© 2021 Copyright for this paper by its authors. Use permitted under
Creative Commons License Attribution 4.0 International (CC BY 4.0)
Prediction of Football Games Results
Roman Nestoruk
1
and Grzegorz Słowiński
2
1
Sollers Consulting Sp. z o.o., ul. Koszykowa 54, Warsaw 00-675, Poland
2
University of Technology and Economics, Engineering Department, ul. Jagiellońska 82f, Warsaw 03 -301, Poland
Abstract
For creation of 3 machine learning models, dataset of 50, 100 and 200 games are being used. All the models are
built, using deep learning (DL) and machine technology (ML) technique with the goal to prove, that even ML
algorithms can be used to predict football games result. The data set consists of different real games results,
collected from the most recognizable tournaments, such as: English Premier League, Italian Seria A, German
Bundesliga, Spanish La Liga and French League 1. The target values of the work are prediction of exact game
score (Average accuracy obtained after the last wave of testing – 11.6%) and prediction of game result (Average
accuracy obtained after the last wave of testing – 39%).
Keywords
machine learning, football games prediction, deep learning
1. Introduction
Mainly, the regular person thinking that football is unpredictable and sometimes, analogical game, but we
are living in the 21st century, where technologies have become one of the biggest parts of our lives.
We are using virtual assistance, image and voice recognition, autopilots, we almost meet the era of self-
driving cars. The brain of all these discoveries is Artificial Intelligence, with neural networks inside. We
think these technologies are very helpful for achieving the main target of this work – proving that even
football, where every match consists of thousands of different moments, can be predicted by Artificial
Intelligence better than by benchmark.
2. Used Tools and technology
As football statistic is not available in the format of data files, or API communication response, scraping
algorithm is needed. To not enhance existing stack with extra languages, scrapping algorithm was written
in Python and with use of Selenium Web Driver framework & BeautifulSoup4 library. For machine learning
processes TensorFlow and keras frameworks has been used and CSV library for storing data.

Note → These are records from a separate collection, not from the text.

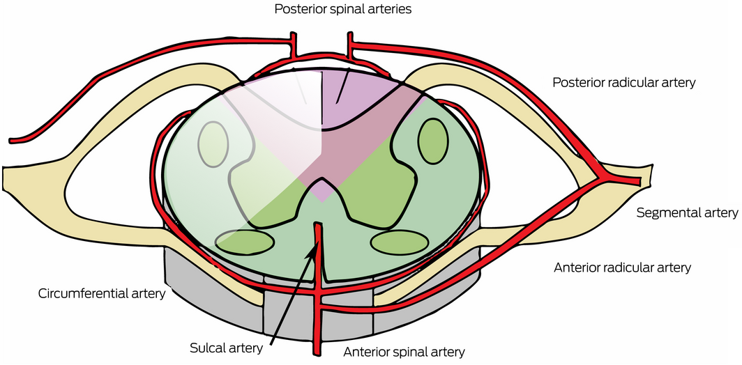 Spinal cord infarction is uncommon — estimated to account for only 1% of strokes.2 Although 11% of cord infarctions in one large series related to vertebral artery dissection, none of these was referrable to posterior spinal arteries, reflecting the rarity of this clinical syndrome.2 The posterior third of the cord — the site of the infarct in this case — is supplied by the single or paired posterior spinal arteries (Box), which arise from the distal vertebral arteries and are variably augmented in many vertebral segments by paired posterior radicular arteries.3 In this case, vertebral dissection is likely to have led to occlusion of the origin of the right posterior spinal artery and/or one or more high cervical posterior radicular branches. Cervical cord infarcts have the potential to cause significant disability.4 They should be considered in individuals presenting with neck pain or headache with ipsilateral neurological signs or symptoms. This case serves as a reminder that vertebral artery dissection and cervical cord infarction are diagnoses not to be missed.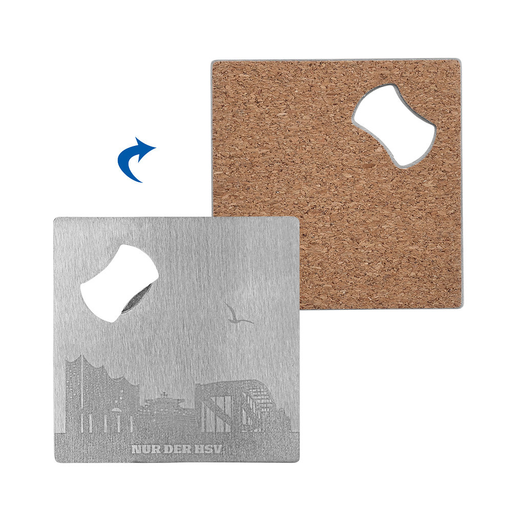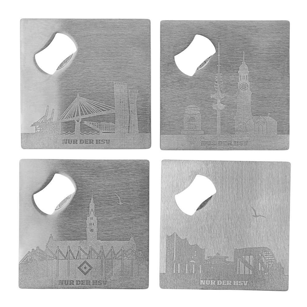 Das Untersetzer 4er-Set „Skyline“ vom HSV kannst du gleichzeitig als Flaschenöffner nutzen, was es zum perfekten Begleiter für Partys und Veranstaltungen macht. Die silbernen Untersetzer mit unterschiedlichen Hamburger Sehenswürdigkeiten werden durch den Schriftzug „Nur der HSV“ abgerundet und verschönern jeden Esstisch.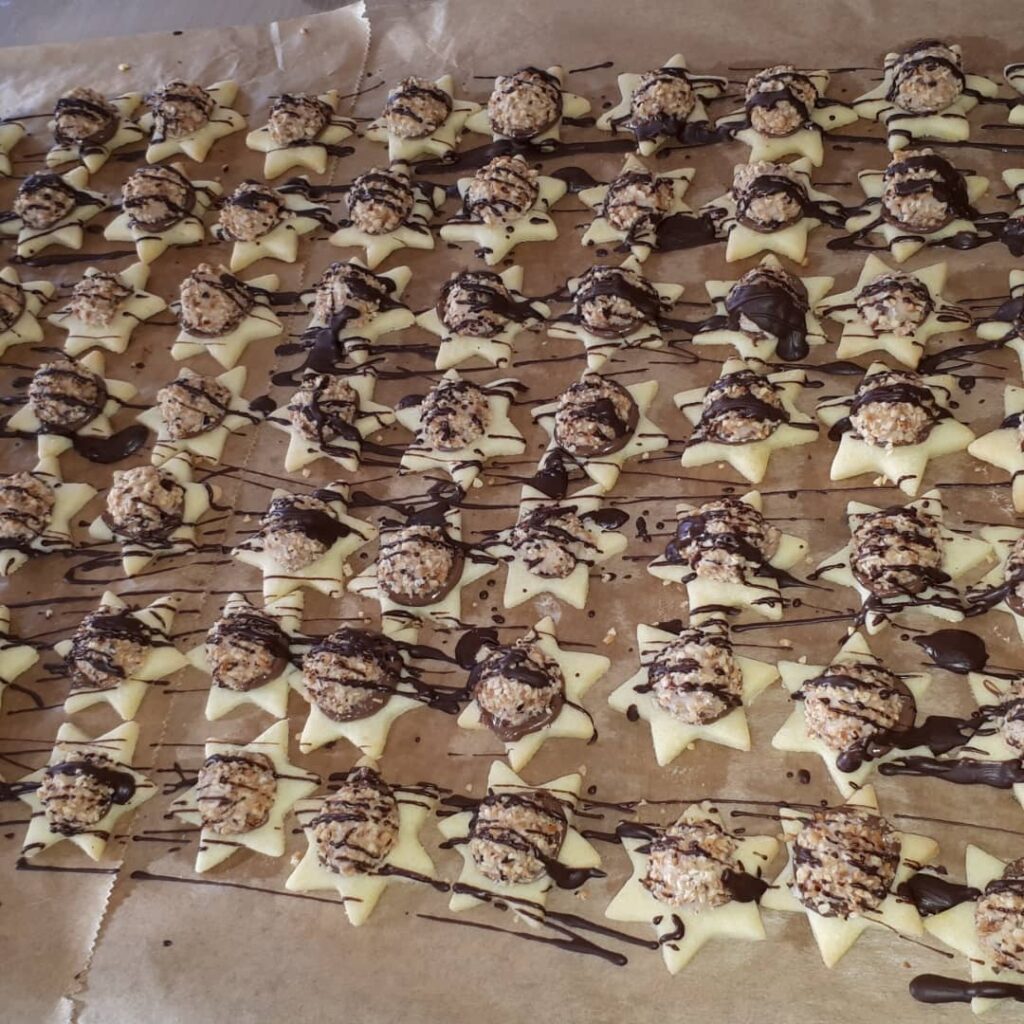Einen Kleks Nougat auf den Stern geben und Giotto drauf setzen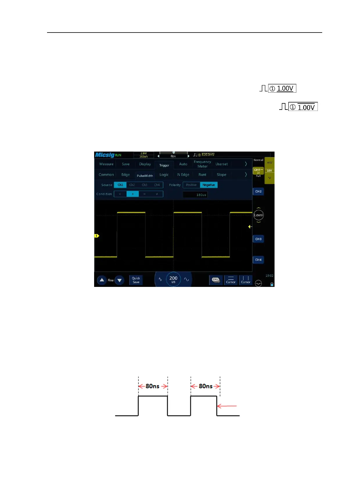 For example, for positive pulse, if it is set as T<80ns, the trigger will happen stably only when the pulse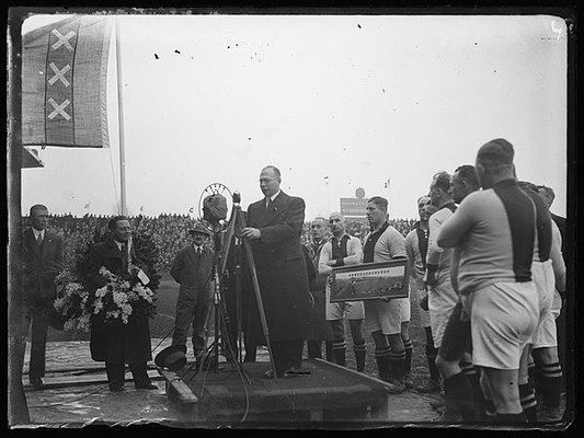 De reden voor de verhuizing vanaf Het Houten Stadion, dat zich ongeveer bevond op de plek van het huidige Christiaan Huygensplein, waren de successen van Ajax en druk van buitenaf. De gemeente Watergraafsmeer was in 1921 door de gemeente Amsterdam geannexeerd en grotendeels bestemd voor de bouw van nieuwe woonwijken. De toeschouwersaantallen waren te hoog voor het oude stadion en ook de onderhoudskosten namen toe. In eerste instantie liet de club haar oog vallen op een circa 12 hectare groot terrein aan de Radioweg, niet ver van het Houten Stadion. De voetbalverenigingen die daar al speelden weigerden echter mee te werken. Vervolgens werd gekozen voor het iets verder weg gelegen terrein van de voormalige hoeve Voorland, tegenover Betondorp. Dat terrein was 5,67 hectare groot. De eerste paal werd door Ajax-voorzitter Marius Koolhaas geslagen op 21 april 1934. Het stadion werd officieel in gebruik genomen op 9 december 1934 met een vriendschappelijke wedstrijd tegen het Franse Stade Français. Ajax won deze wedstrijd met 5-1. Het eerste doelpunt in het stadion werd gemaakt door Ajacied Bob ten Have.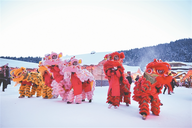 廣州南獅走進(jìn)雪鄉(xiāng)。本報(bào)記者 李健攝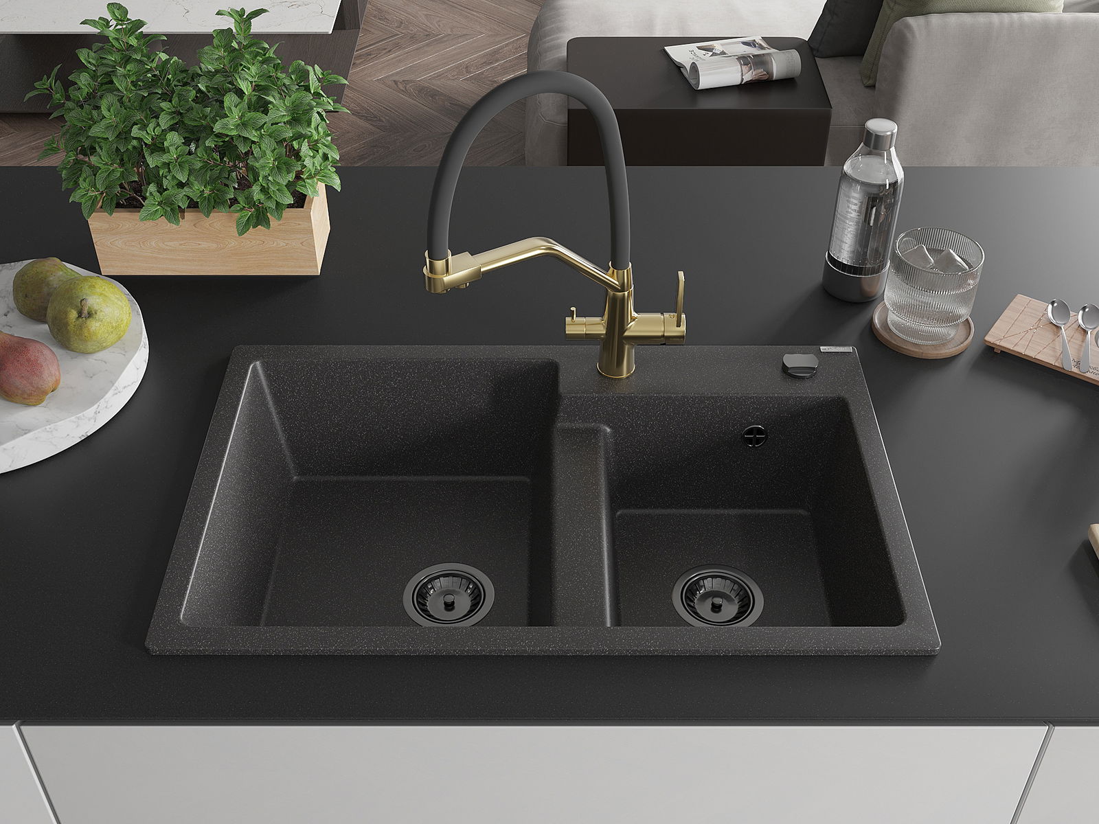 El fregadero está hecho de granito de alta calidad. Constituye un complemento elegante y, sobre todo, práctico para cualquier cocina, independientemente de su estilo. La alta calidad y durabilidad del granito aseguran un uso durante muchos años.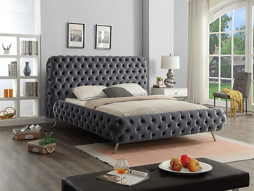 Grey Velvet Fabric Bed with Extra Deep Button Tufting and Sleek Chrome Leg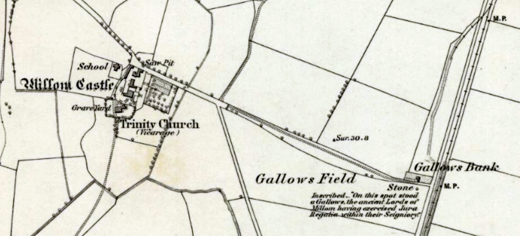 In about 1860 a commemorative stone was erected in the Gallows field, on it was inscribed 'On this spot stood a Gallows the ancient Lords of Millom having exercised Jura Regalia within their Seigniory.' The stone has since been moved to the side of the field and can be seen at the bottom of the lane on the left side (looking upwards towards the castle) but the inscription is no longer visible.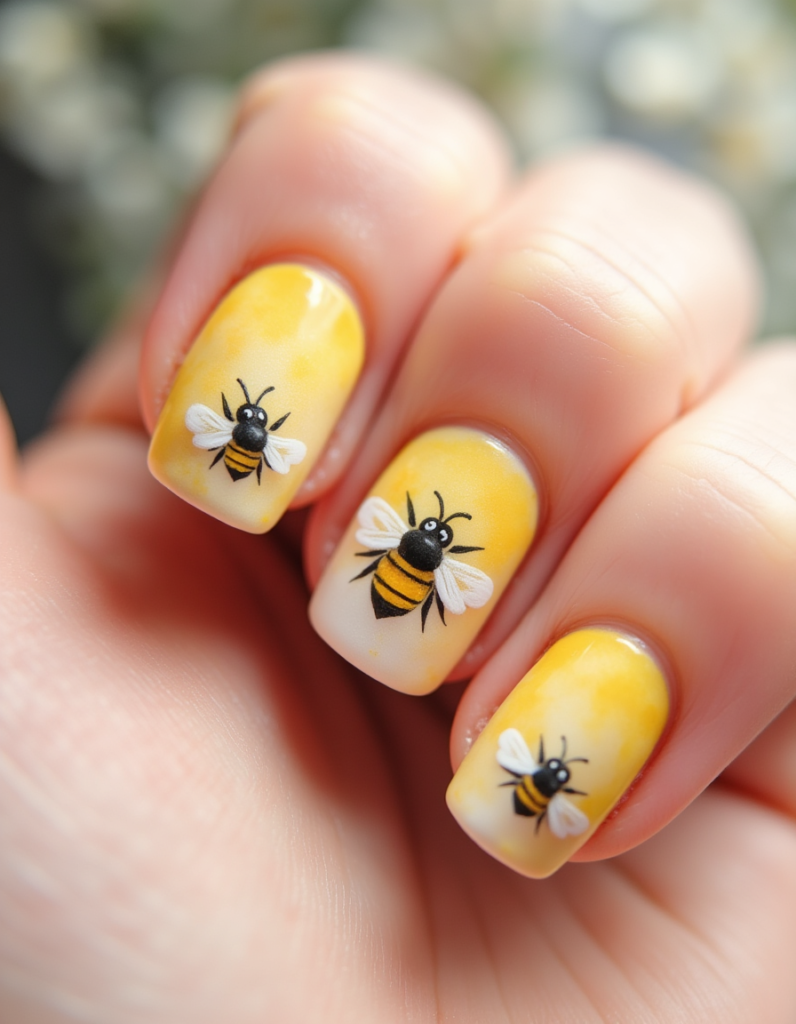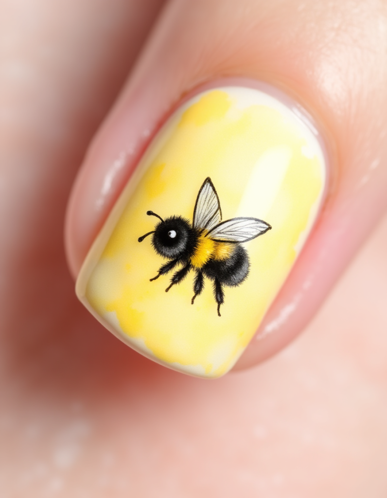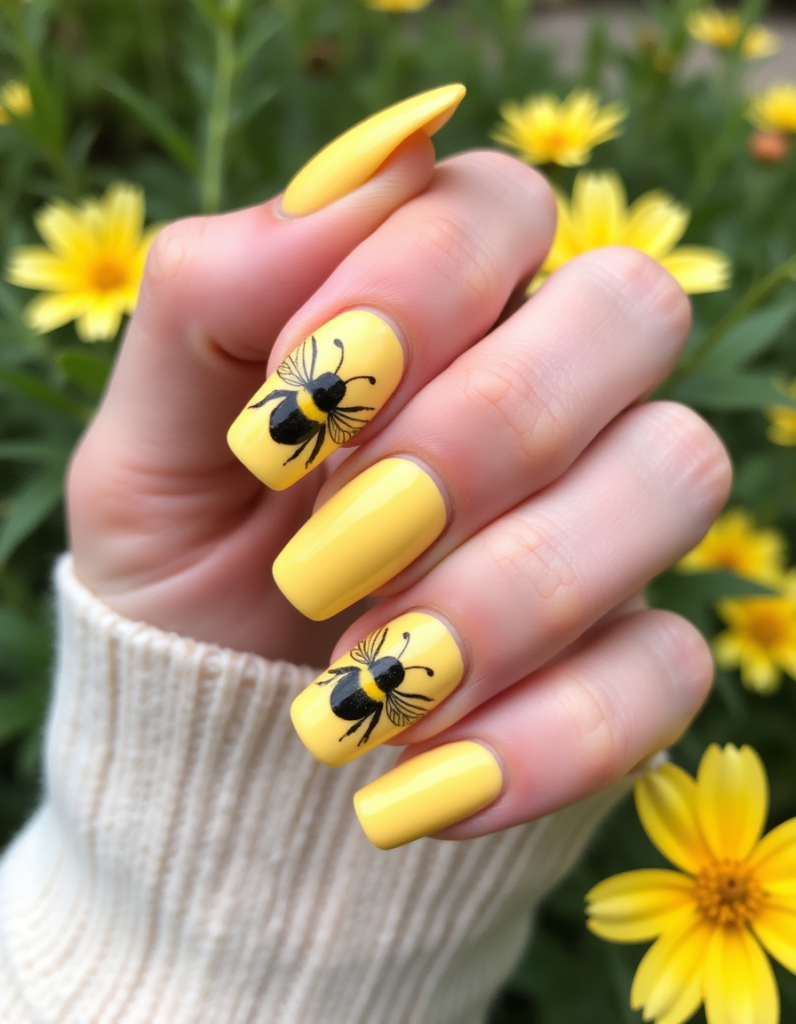 - 7.Bumblebee Accents: Incorporating tiny bumblebee sketches amidst pastel yellow nails creates a delightful nod to spring. This design is perfect for whimsical souls and nature lovers alike.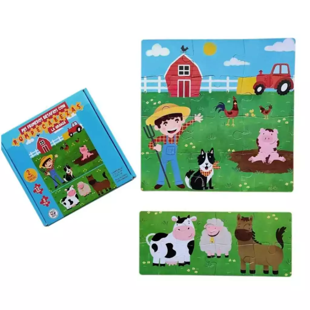 Dos rompecabezas de 8 y 12 piezas con animales de la granja, con piezas grandes super resistentes. Ideal para que los mas pequeños puedan comenzar a armar los primeros rompecabezas.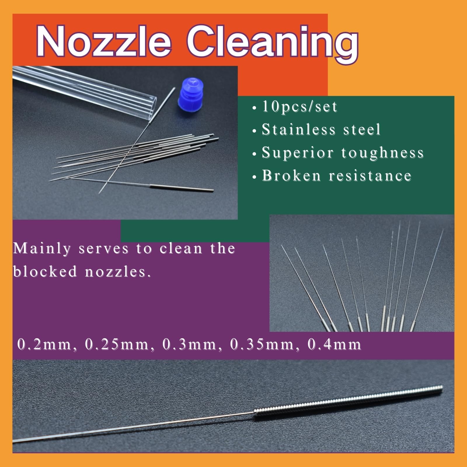 - Includes various nozzle cleaning needles that improve print quality.

3. Data for training and validation
One of the most recognized kinds of statistics in football games are possession and shots, but for this
algorithm, some more data are also useful:
• Average game mark: Shows the performance of the team, during the season.
• The average amount of goals, per game: Result of dividing the number of goals, scored by the look
at team, by the number of played games.
• Average possession: Average percentage of possession of the ball during the games.
• Pass accuracy: Counting by diving number of all successfully completed passes, by the number of
all passes of the team.
• Shots per game: Anyone, who is connected to football knows, that goals are mainly the result of
shots.
• Average players mark from most possible starting line up: Shows the performance of every single
player, during the season.